Increased risk of affective disorders in type 2 diabetes is minimized by sulfonylurea and metformin combination: a population-based cohort study
1 Division of Preventive Medicine and Health Services Research, Institute of Population Health Sciences, National Health Research Institutes, 35 Keyan Road, Zhunan Town, Miaoli, Taiwan 35053, ROC
2 School of Public Health, National Defense Medical Center, 161 Minchuan East Road, Sec 6, Taipei, Taiwan 114, ROC
3 Monash Asia Institute, Monash University, 900 Dandenong Road, Caulfield East, Victoria 3145, Australia
4 Department of Epidemiology and Preventive Medicine, Monash University, 99 Commercial Road, Melbourne, Victoria 3004 Australia
5 Department of Health Services Administration, China Medical University and Hospital, 91 Hsueh-Shih Road, Taichung, Taiwan 40402, ROC
6 Department of Psychiatry, Chung Shan Medical University Hospital, 110, Sec 1, Jianguo North Road, Taichung, Taiwan 40201, ROC
7 Department of Psychiatry, Chung Shan Medical University, No. 110, Sec 1, Chien Kuo N. Road, Taichung, Taiwan 40201, ROC
Citation and License
BMC Medicine 2012, 10:150 doi:10.1186/1741-7015-10-150
See related commentary http://www.biomedcentral.com/1741-7015/10/151Published: 29 November 2012
To confirm whether type 2 diabetes (T2DM) is an affective disorder (AD) precursor, and to establish possible effects of oral anti-hyperglycemic agents (OAAs).

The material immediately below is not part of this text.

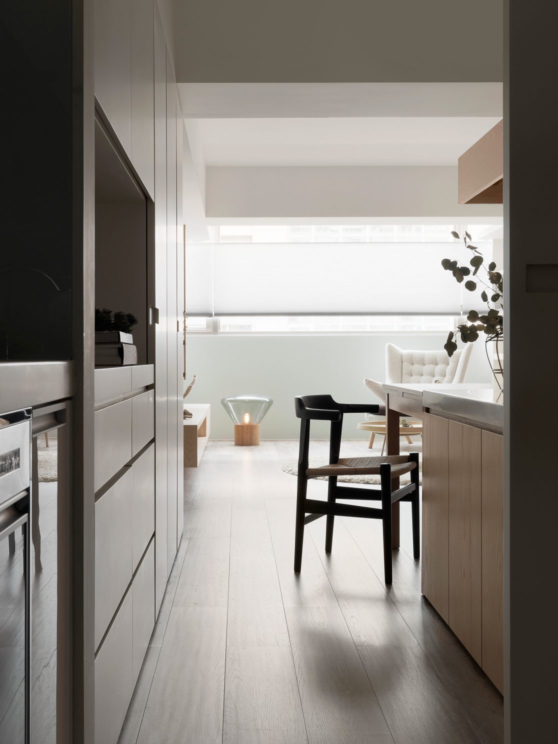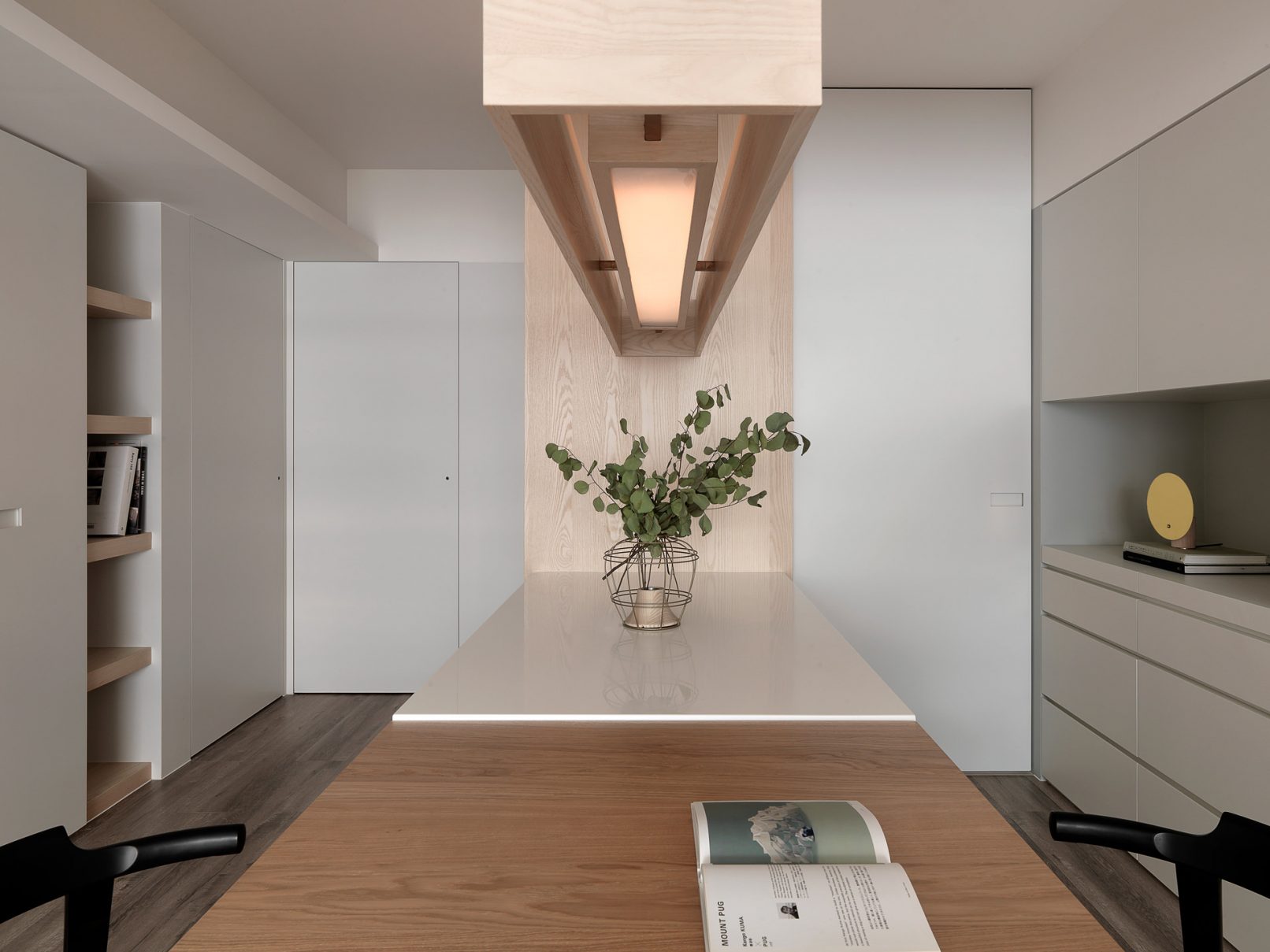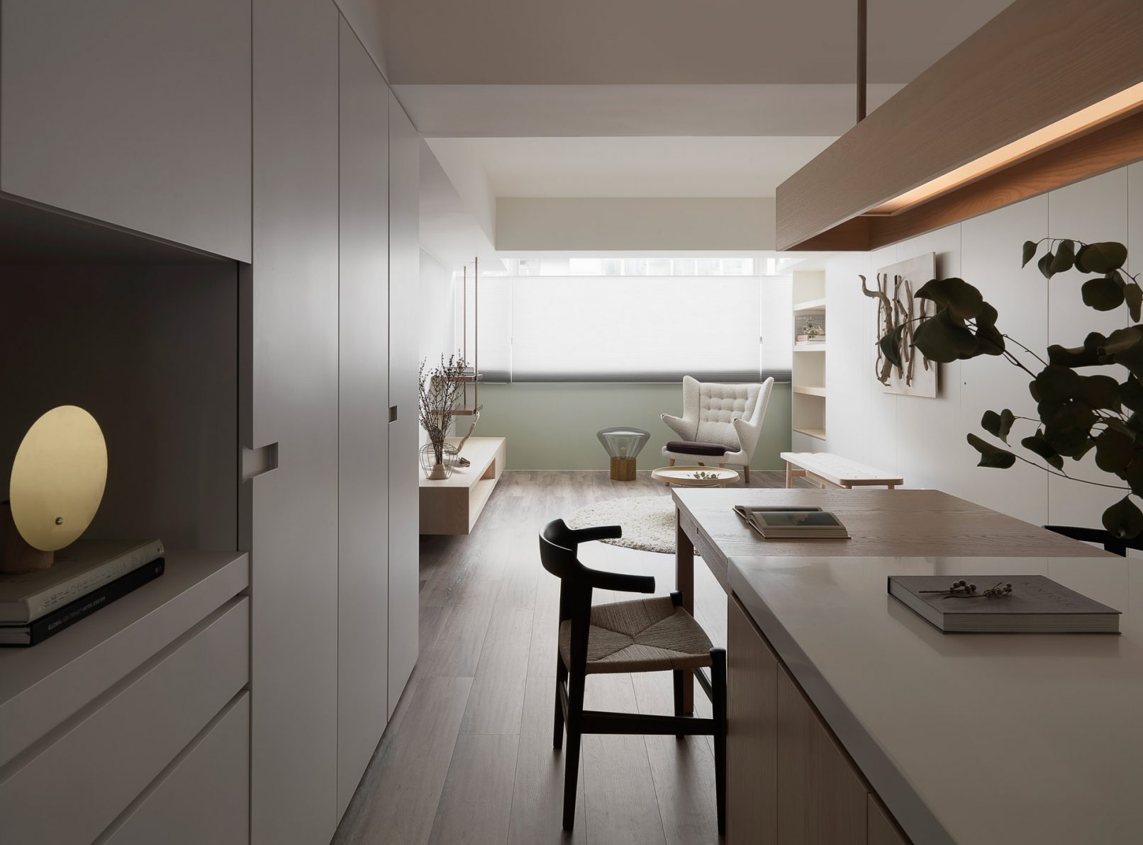 家,從來不只是個下班後放鬆休息的角落,而是一個能讓你愜意地慢慢沉殿享受的地方。尤其對於經常花時間在家照顧家庭與小孩的主婦,家更是擁有無可取代的重要角色。以木皮、鐵件、配上簡潔線條與素雅淡色調打造而成的家,可以為生活帶來寧靜、沉潛的氛圍; 專為熱愛料理與手作的媽媽量身打造的廚房中島,是她展現廚藝與家人相聚的中心,也是她待在家裡練習手作興趣,同時能整齊收納、保持乾淨的空間。靜靜流瀉的優雅與雋永在這家裡,讓人待下來就不想離開。

A representative cohort of 800,000 subjects was obtained from the Taiwanese National Health Insurance database on 1 January 2000. Those with consistent data (n = 762,753) were followed up between 1 January 1996 and 31 December 2007. Over this period, we assessed the presence (n = 62,988) or absence (n = 699,795) of T2DM, and whether any OAA was used (n = 40,232) or not (n = 22,756). To compare the risk of AD by diabetic status, those with T2DM were matched for birth date and gender with those without T2DM. To assess the effect of OAAs, we considered those 50 years and over. Matched AD-free patients with T2DM on OAAs were compared with those without OAAs, for age, gender, locality, health service, Charlson Comorbidity Index. and diabetes diagnosis date to avoid immortal time bias. AD incidence densities, hazard ratios (HR) and 95% confidence intervals (CIs) were calculated.
Compared with diabetes-free subjects, the HR (95% CI) for AD was 2.62 (2.31 to 2.98) for patients with T2DM who were not on OAAs, and 1.08 (0.99 to 1.18) for those who were on OAAs. The AD incidence density decreased from 91.1 to 39.4 per 10,000 person-years for patients on the combination of metformin and sulfonylurea. The HR (95% CI) for AD was 0.92 (0.59 to 1.45) for those on metformin alone, 1.08 (0.84 to 1.38) for those on sulfonylurea alone, and 0.40 (0.32 to 0.50) for the combined treatment, and the decrease was not related to sequence or insulin usage. Similar patterns were seen for incident AD exclusion for up to 3 years, although more so for bipolar than unipolar.
The incident AD risk is increased by 2.6-fold in T2DM, and the combination of sulfonylurea and metformin minimizes this risk.